Criminal Justice

The United States currently imprisons more people than any other country in the world. Fortunately, we have not always been a nation focused on imprisonment, and there are steps we can take in a more effective, moral direction.

Mandatory minimum drug sentences have been one of the root causes of mass incarceration.  Coupled with disparate policing and prosecutorial decisions, America’s prison population has quadrupled since 1980 and its racial composition has become deeply unequal. Today, 60 percent of the 2.2 million Americans in prison are minorities.  One of every three black men will spend a portion of his life in prison.

These statistics are sobering, not merely because of their magnitude, but because of their broader implications. Families – and indeed broader communities – are becoming destabilized by our propensity to punish nonviolent crimes with lengthy prison sentences.  Tax dollars are spent inefficiently on incarceration rather than efficiently on rehabilitation, treatment, and empowerment.  When it comes to both enforcement of our laws and to sentencing, there is increasing evidence that minorities do not have the same access to justice as other Delawareans.

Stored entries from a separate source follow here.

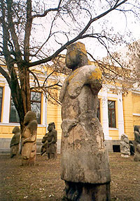 Most inhabitants of the city and visitors know and like the distinctive features of the small square near the Museum of History - the place where the Stony Women stay (which actually are not females...). The visitors are amazed with the centuries-old natives - their oval forms. They were ancient creations of the steppe nomadic people and are a modular collection from neighboring barrows. In the past they served as the index points for the steppe inhabitants. The first century of the new era was marked by fast inhabitation of the Dnieper River banks by Slavic tribes. The rocks of Monastyrskiy Island remember well the first time Slavs floated down the Dnieper River to the Black Sea and the Mediterranean. On this island in the IX century the Monastery was founded by Byzantian monks (from it the island received its name). It existed until 1240 when it was destroyed by Tatars. The Dnieper River has for many centuries served as a border between East and West and its banks have served as arena of struggle between the Slavs and the Asian nomads. This situation continued for many centuries until the XV century when there appeared a new force - the free people - Cossacks - Zaporiz'ki Kazaky (Zaporizhya - the lands south of Prydniprovye, translate as "The Land After the Weirs [Rapids]")...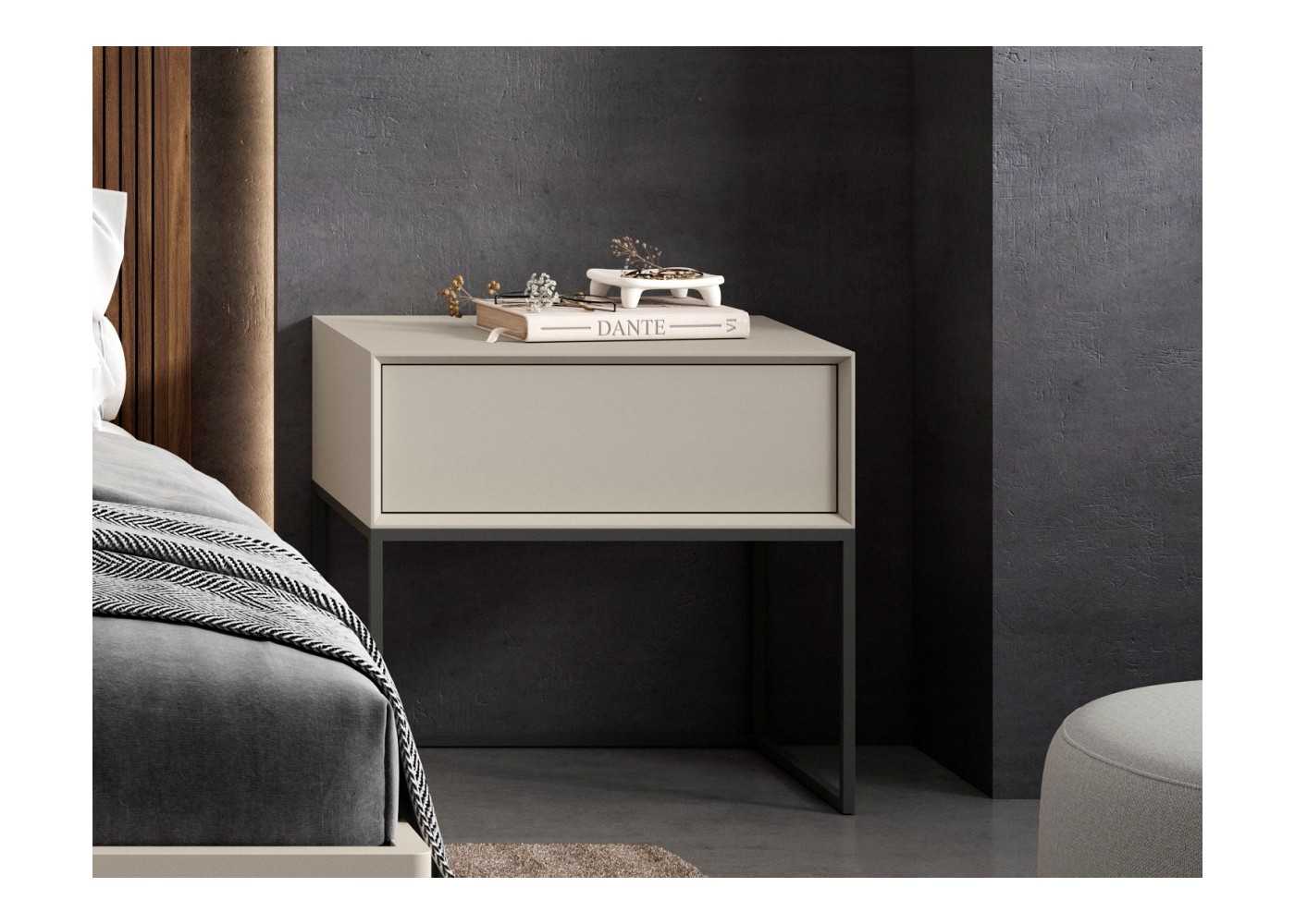 Bedside table with 1 drawer, lacquered with mitered edges and base of graphite-colored lacquered stainless steel.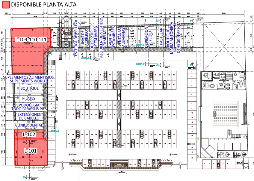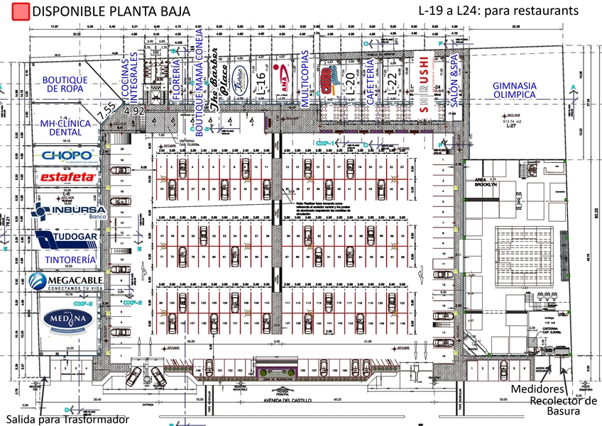 Plaza comercial sobre un terreno de 9,927 m2, cuenta con tienda ancla de 1,200 m2, cuenta

 In the Delaware State Senate, Bryan has:

  • fought hard to end mandatory minimum sentences and to give judges more flexibility in sentencing;
  • helped address drug abuse from a medical perspective rather than a criminal one;
  • championed legislation that helped break down barriers for inmates transitioning successfully back into the community and employment;
  • sponsored legislation decriminalizing marijuana, with fines replacing jail time for recreational use;
  • voted to study equipping police officers across Delaware with body cameras;
  • voted to repeal the death penalty, which, among its flaws, is disproportionately applied to minorities and the poor; and
  • led legislative efforts to reform Delaware's pretrial detention system.